Scientists map brain circuitry underlying the drive to consume salt

While the average American's high-salt diet has been linked to high blood pressure and cardiovascular disease, the truth is we couldn't live without this once scarce mineral. Salt helps the body balance its water content and plays a critical role in regulating blood pressure and cellular function throughout the body. As salt is lost through excretion and other metabolic processes, hormones are released in response to sodium deficiency. But exactly how these hormones work on the brain to trigger salt-seeking and salt-consuming behavior has remained a mystery.

Now, a team of scientists in the Division of Endocrinology, Diabetes, and Metabolism at Beth Israel Deaconess Medical Center (BIDMC), have shed new light on the process.
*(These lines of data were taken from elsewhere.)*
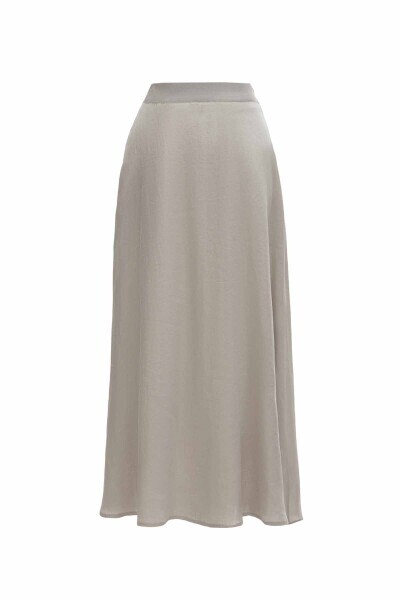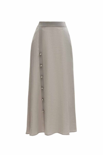Düğme Detaylı Triko Tiktaklı Keten Gri Etek
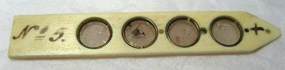 Gulvit, troligen av elfenben. Rektangulär, platt med ena änden spetsig, i andra änden svart påskrift "No 5". I mitten fyra hål på rad med glas (möjligen glimmer) och fästring av mässingstråd.
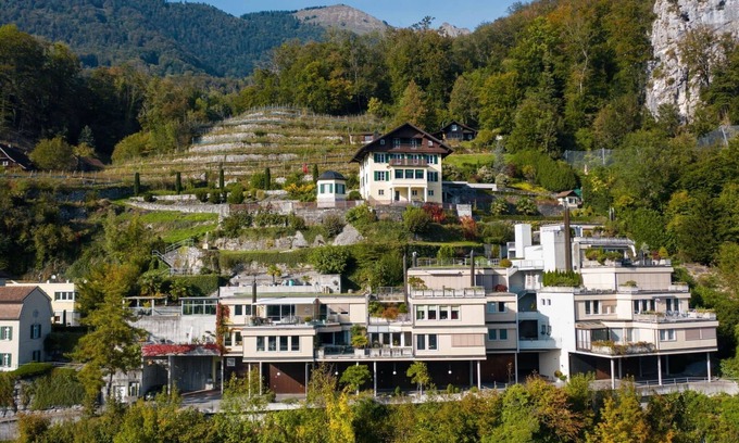 The Mariahalden vacation rental is located in an apartment building on a slope, accessible by one flight of stairs or an elevator. It is just a few minutes' walk away from the charming town of Weesen, which boasts historical buildings, shops, a Spar supermarket, a post office, various restaurants, and the Weesen marina.
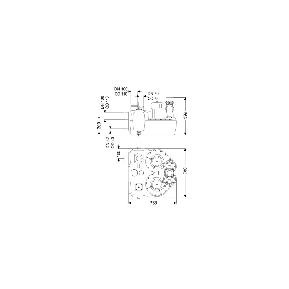 Przepompownia do ścieków zawierających fekalia i bez fekaliów jest wyposażona w dwie pompy zatapialne oraz zawór zwrotny. Pojemnik zbiorczy wykonany z wytrzymałego tworzywa sztucznego (PE) oferuje uniwersalne możliwości podłączenia i posiada przykręcany otwór wyczystkowy.
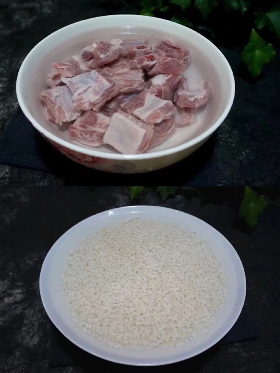 1.选用比较薄一些好一些的肋排比较好 【薄一些是为了更好的入味儿,剁的整齐一些摆盘好看啊】 洗干净杂质浸泡几个小时中间换换水,把血水泡出来 2.糯米提前一晚浸泡,冷藏过夜,虽然麻烦了一些 但是这样蒸起来更好吃啊
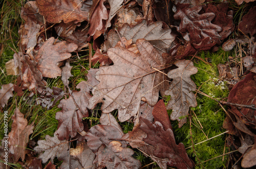 Fototapeta premium Nasse Eichenblätter auf Moos
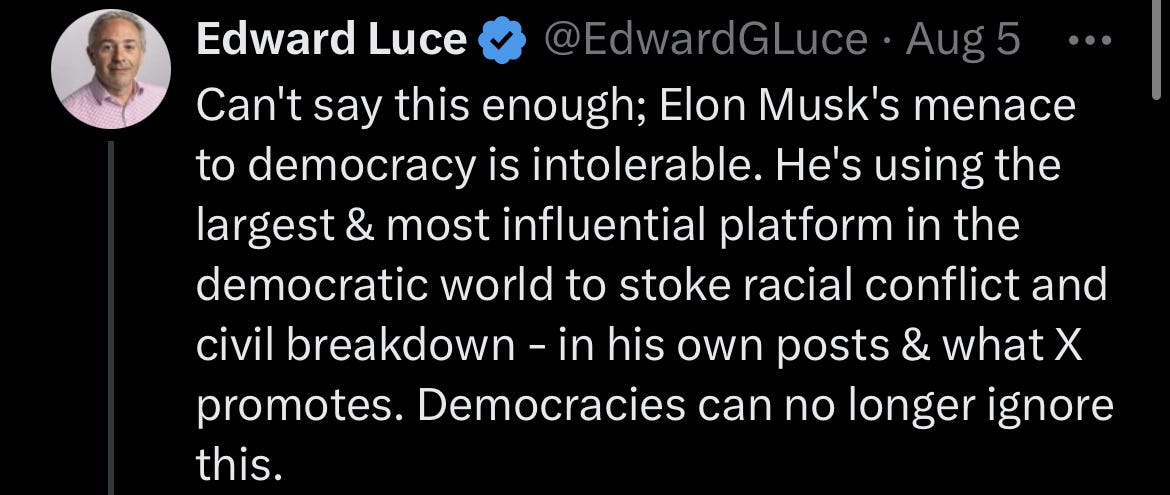 A few weeks ago I had a Twitter-spat with Edward Luce. Luce is a British journalist and chief US commentator for the Financial Times. I reacted to Luce when he blamed the recent race riots in Britain, which broke out in response to three young girls being stabbed to death by the son of Rwandan refugees, on Elon Musk. Musk had taken to Twitter to criticize the British government’s two-tier policing and threats of censorship in response to the disorder, which, according to Luce, made him the real “menace to democracy”:

In research published today in the journal Neuron, a team of scientists working in the lab of Bradford Lowell, MD, PhD, identified the sub-population of neurons that respond to the body's sodium deficiency and mapped the brain circuitry underlying the drive to consume salt.

"We identified a specific circuit in the brain that detects sodium deficiency and drives an appetite specific for sodium to correct the deficiency," said co-first author Jon M. Resch, PhD, a post-doctoral fellow in Lowell's lab. "In addition, this work establishes that sodium ingestion is tightly regulated by the brain, and dysfunction in these neurons could lead to over- or under consumption of sodium, which could lead to stress on the cardiovascular system over time."

The team focused on a subset of neurons -- known as NTSHSD2 -- discovered a decade ago by co-corresponding author, Joel Geerling, MD, PhD, formerly of BIDMC and now assistant professor in the Department of Neurology at Carver College of Medicine at the University of Iowa. In a series of experiments in sodium-deficient mice, the researchers demonstrate that sodium deficiency activates these neurons. They also showed that the presence of the hormone aldosterone, which the body releases during sodium deficiency, increases the neurons' response.

"These neurons appear to be highly influenced by these hormones and less so by inputs from other neurons -- though further study is warranted," said Resch. "This is a unique and very unexpected feature of these NTSHSD2 neurons."

The researchers also revealed that NTSHSD2 neurons - located in a part of the brain called the nucleus of the solitary tract -- are not solely responsible for driving the sodium appetite. In experiments using mice not deficient in sodium, artificial activation of NTSHSD2 neurons triggered sodium consumption only when there was also concurrent signaling by angiotensin II, a hormone also released by the body during sodium deficiency. From this, Resch and colleagues concluded that another set of neurons sensitive to angiotensin II likely plays a role in driving sodium appetite.

These neurons have yet to be identified.

The findings demonstrated that only a synergistic relationship between the two distinct sub-populations of neurons that respond to aldosterone and angiotensin II can cause the rapid and robust onset of the sodium appetite seen in the experimentally deficient mice. Resch notes the sodium-appetite circuity he and colleagues have revealed provides a physiological framework for a hypothesis put forth in the early 1980s.

"Several questions remain with regard to how sodium appetite works, but a major one is where ATII is acting in the brain and how the signal works in concert with NTSHSD2 neurons that respond to aldosterone," he said. "We have already begun work to help us close these gaps in our knowledge."